Sources: EPA Lead and Copper Rule, U.S. Census Bureau ACS, CDC childhood lead poisoning prevention guidelines.
Boca Grande: Flood History & Water Damage Risk
Because Boca Grande's NFIP claim count reaches 984 and 100% of ZIP codes fall within FEMA-designated flood zones, flood exposure here operates differently than it does in lower-claim communities. In areas with isolated flood events, water-quality infrastructure can typically absorb the stress and recover between events. In communities with repeated high-volume flooding, treatment plants face recurring overload conditions, private wells in FEMA-designated zones accumulate repeated infiltration episodes, and distribution systems experience repeated pressure events that can drive backflow. The claim record for this area points to that second category: a flood environment where water infrastructure stress is periodic and documented, not theoretical.

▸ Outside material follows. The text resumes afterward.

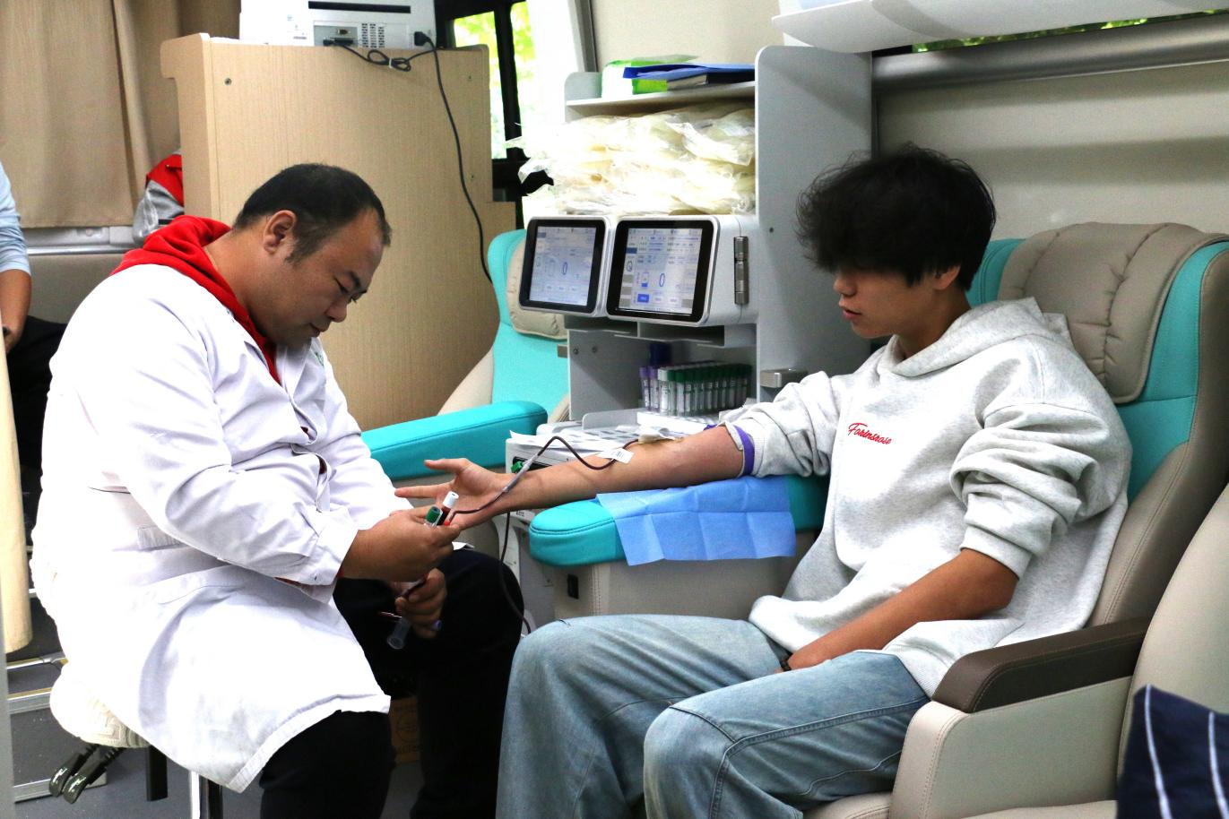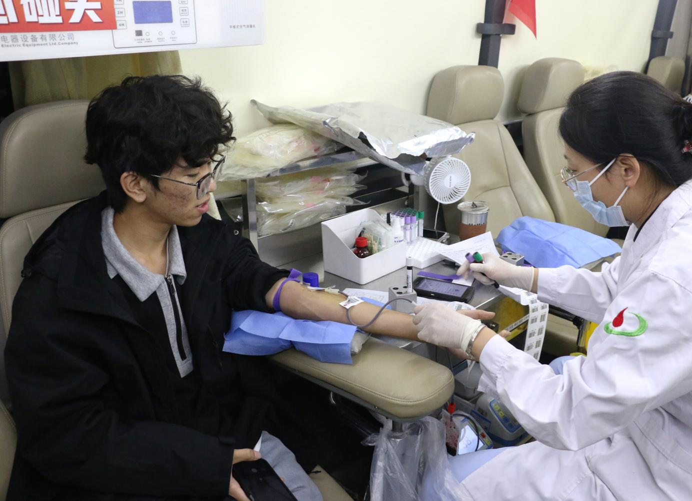 在志愿者的引导下,同学们依次完成登记、初筛与血型检测等流程。 医护人员全程坚守,耐心讲解注意事项,如"献血前保持饮食清淡""采血后正确按压针眼"等,为献血者营造了安全、安心的爱心传递环境。

Boca Grande has a significant flood history with 984 FEMA flood insurance claims on record, averaging $51,819 per claim. With 100% of ZIP codes in FEMA-designated flood zones, flood risk is a major concern for homeowners and water quality.
How flooding affects water quality: Flood events can introduce sewage, agricultural runoff, and industrial chemicals into water supplies. Even after floodwaters recede, contamination can persist in wells and aging infrastructure. Flood damage can add significantly to the estimated <strong>$2,500</strong> remediation cost per household.
Residents in flood-prone areas should consider flood insurance even outside FEMA zones — over 25% of flood claims come from low-to-moderate risk areas. After any flood event, test your water before drinking.